Rapport introductif
p. 499-502
Texte intégral
1« Les autres économies occidentales » est-il spécifié dans le titre de cette séance. Ma tâche n’est pas facile : si l’on parle des « autres », n’est-ce pas précisément qu’on a du mal à les classer, ces autres, à en faire un groupe homogène ? Et par rapport à quelles économies, ces économies sont-elles « autres » ? Par rapport à l’économie française, sans doute, par rapport à l’allemande et à l’italienne : par rapport, non pas à l’économie des Grands, mais à celles des demi-Grands ou des ex-Grands. Alors, ces autres pays, qui sont-ils ? Je ne vais pas tous les passer en revue ; remarquons simplement que cet ensemble ne regroupe pas seulement des puissances européennes : si l’on peut compter la Turquie, cet ancien Grand, parmi les pays européens, il n’en est pas de même pour le Japon. On peut évidemment la qualifier d’« occidentale », ce qui ne manque pas de poser problème sur le plan géographique. Mais comment faire autrement, après cette Guerre froide qui l’a arrimée à l’Occident ?

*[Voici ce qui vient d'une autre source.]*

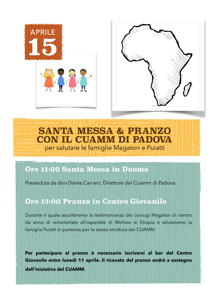 Messa celebrata da don Dante Carraro e, a seguire, pranzo durante il quale i coniugi Magaton racconteranno la loro esperienza di volontariato all'ospedale di Wolisso in Etiopia e passeranno il

2Bref, il sera difficile de résumer cet ensemble de contributions à l’allure de mosaïque. Et ma tâche, acrobatique, recouvre une autre difficulté ; ces contributions toutes excellentes, ne se contentent pas de discourir sur des pays différents, mais pour chaque pays, elles abordent une thématique particulière. Je me risquerai à une approche synthétique de cet ensemble hétéroclite en posant trois questions : 1) L’aide américaine a-t-elle donné quelque homogénéité à l’ensemble de ces économies « autres » ? Et si homogénéisation il y a eu, de quelle façon s’est-elle effectuée ? 2) Quelle spécificité, d’autre part, sépare ces économies des économies française, allemande et italienne ? Il faudrait poser encore quelques questions subsidiaires sur la Grande-Bretagne, malheureusement oubliée par ce colloque, auxquelles je n’aurais pas le temps de répondre vraiment. 3) Nous nous pencherons enfin sur la question essentielle du tournant de 1949-1950.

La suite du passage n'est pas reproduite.